Abstract
Current pharmacological concepts embrace the possibility that drugs acting at junctions, where acetylcholine plays an important though perhaps not essential rôle in transmission, do so by exerting their influence on some step in the cholinergic mechanism.
The consistency of such a view was examined by studying the effects on a sympathetic ganglion of drugs known to act at the parasympathetic neuro-effector junctions, since both are sites where cholinergic systems operate. Pertinent observations may be found in papers by Langley, 1 by Dale and Laidlaw, 2 etc.
Action potentials of the tonic impulses normally coursing in the superior cervical preganglionic trunk of the rabbit (anesthetized with nembutal) and of the response in the postganglionic fibers were recorded by a Matthews oscillograph after amplification. The waves were also spread out for visual observation by a rotating mirror (speed corresponding to 1.8 meters per second) and converted into sound by a loud speaker.

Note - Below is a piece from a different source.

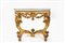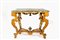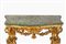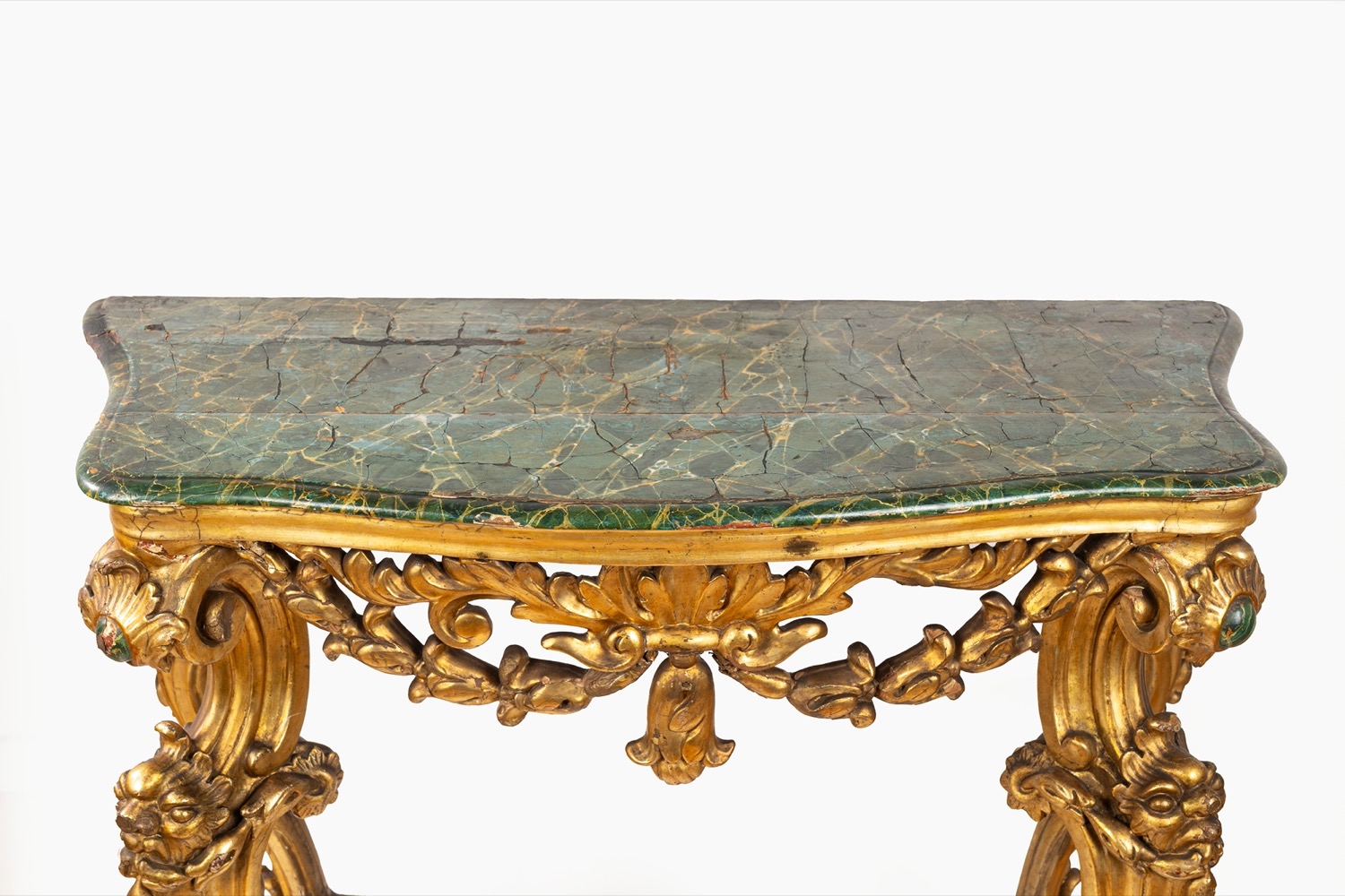 in legno intagliato e dorato, con piano in finto marmo verde, gambe riunite da crociera centrata da vaso in finto marmo verde che richiama il piano, quattro mascheroni e motivi a rocaille sulle gambe a doppia voluta, piedi leonini.

Pilocarpine, representing the parasympathomimetic stimulants, and atropine, the depressants, were injected into the common carotid artery, all branches except to the ganglion having been ligated and cut and the carotid sinus nerve severed. Thus the ganglionic circulation was retained intact while allowing an effective concentration at the synapse before diffusion into the general circulation. This made possible the observation of local effects uncomplicated by distant actions such as on the central nervous system directly, or indirectly through the remaining innervated carotid sinus responding to vascular changes.
The increase in postganglionic impulses (compare records A and B, C and D) illustrates the stimulant effect of small doses of pilocarpine. This increase, seen again in E, F, took place without any change in the corresponding preganglionic records G and H, and consequently must have been due to a truly peripheral action at the synapse.